Дом этот на Остоженке знаком с детства. В Москве мало осталось деревянных неоштукатуренных особняков, да еще с садом. И нужно некоторое усилие, чтобы увидеть: подобными усадьбами была застроена вся дворянская часть города – от правого берега Москвы до правого берега Яузы. А теперь он – один из немногих, уцелевших в нашей столице после бурь ХХ века. К тому же дом отмечен мемориальной доской, сообщающей о том, что здесь жил Иван Сергеевич Тургенев, и городская легенда из поколения в поколение утверждает, что именно в этом особняке происходило действие хрестоматийной повести «Муму».
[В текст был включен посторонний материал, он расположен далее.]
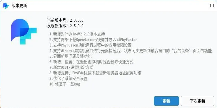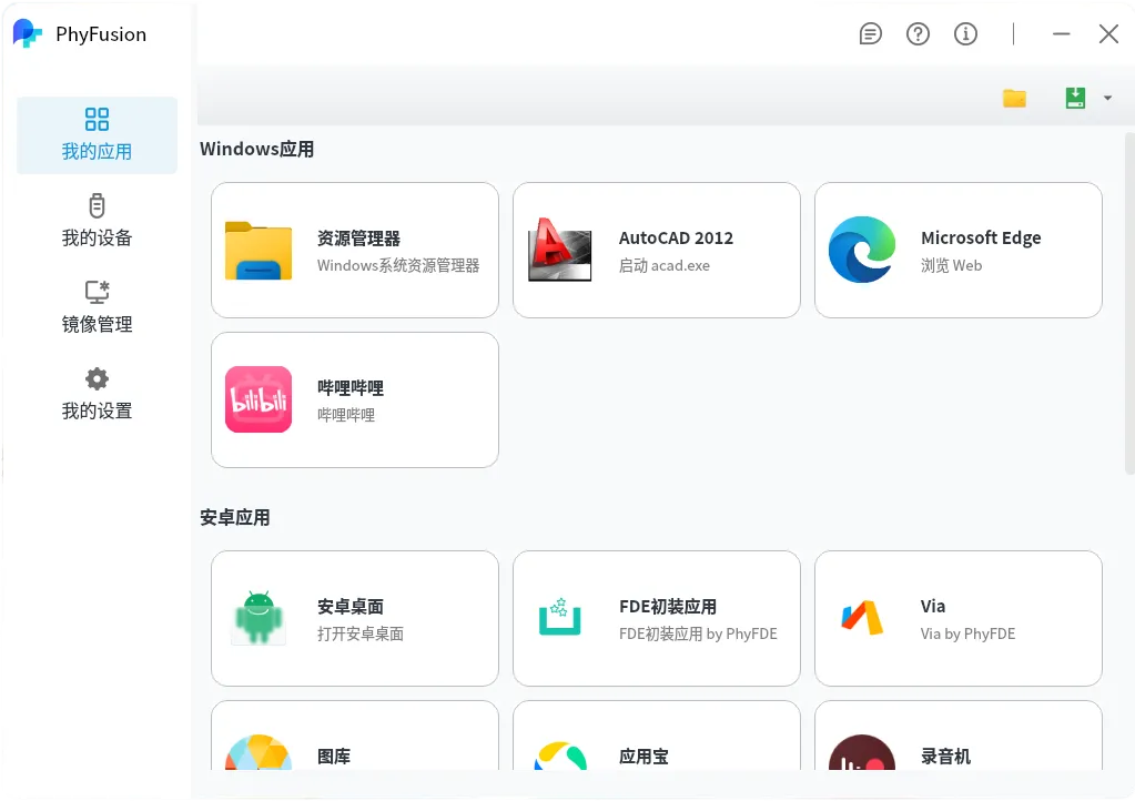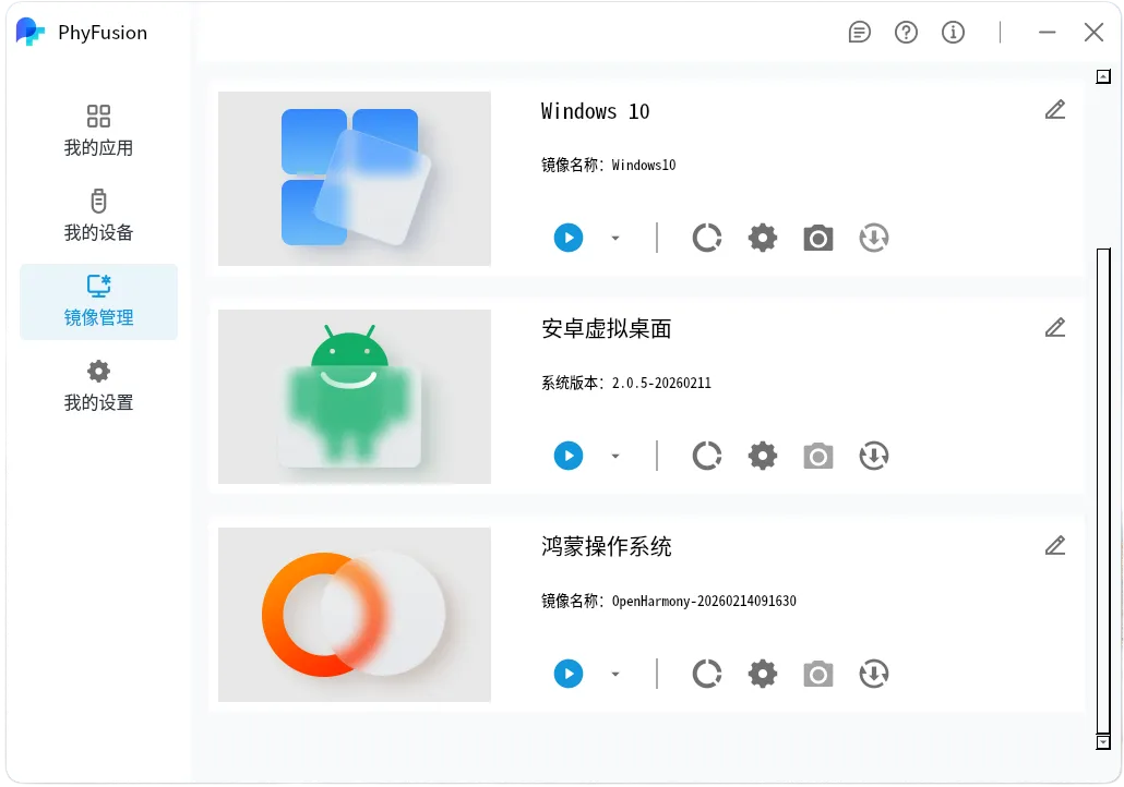 PhyFusion是一款由飞腾官方推出的桌面融合平台软件,其运行在国产操作系统(麒麟、统信等)。近期该软件发布新的版本,新版本增加了安卓和鸿蒙系统镜像管理接口。通过新版本可在国产操作系统上直接运行原Windows、安卓、鸿蒙操作系统下各类生态应用,打破了 Linux、Windows、Android 及 OpenHarmony 等不同应用生态间的壁垒,在一个统一的平台上实现多类型应用的安装、运行与管理,为用户提供前所未有的融合计算体验。新版本特性主要体现在:

И вот первая странность: оказывается, музей здесь открылся только в 2009 году, а до того особняк занимали то коммунальные квартиры, то конторы, столь далекие от литературы, что под угрозой была его судьба: у нас любят перестраивать под сиюминутные нужды. Последним в доме Тургенева обитало Главное управление по производству спортивных изделий Спорткомитета СССР (в постсоветские времена – ЗАО «Спортинтерпром»). По счастью, это ведомство весьма трепетно отнеслось к памятнику отечественной культуры и в целом сберегло его от всякого рода новшеств, разместив конференц-зал и подсобные помещения в подвале.

Варвара Петровна Тургенева (урожденная Лутовинова), поселившись здесь в 1840 году, мечтала, чтобы сын ее Ванечка чувствовал себя полноценным хозяином дома на Остоженке. В письмах она рисовала планы, подробно излагала предназначение каждой из комнат: «У меня прекрасный маленький московский дом… в котором всегда воздух ровен, тепло, светло, сухо, покойно. Лакейская, официантская, зала, гостиная, спальня вместе мой кабинет, уборная, гардеробная, девичья – и бибишкина комната, – пишет она сыну в Берлин. – О! Приезжай только, мы отопрем дверь от брата в девичью – девок и гувернанток сведем вместе, а комнаты гувернанток мы отдадим все три тебе, хозяину. Теперь пойдем в конюшню. У меня 5 серых лошадей в карету, две лошади в сани брату и дяде, пока и довольно… Корова – большая, славная – наконец корова. И Серебряков – давнишние мои требования-потребности – корова и конторщик».

Для нас, переживших всю вторую половину ХХ века и уже давно въехавших в век ХХI – корова на Остоженке, что ни говори, явление весьма экзотическое. Где она паслась? На Комсомольском проспекте?

Сотрудники музея, слава Богу, не стали воспроизводить по указаниям Варвары Петровны назначения комнат – гостиной, столовой или спальни. Соблазн был велик, но, к счастью, музейщики не пошли по столь легкому пути. При отсутствии собственно тургеневских вещей это с неизбежностью отдавало бы претензией.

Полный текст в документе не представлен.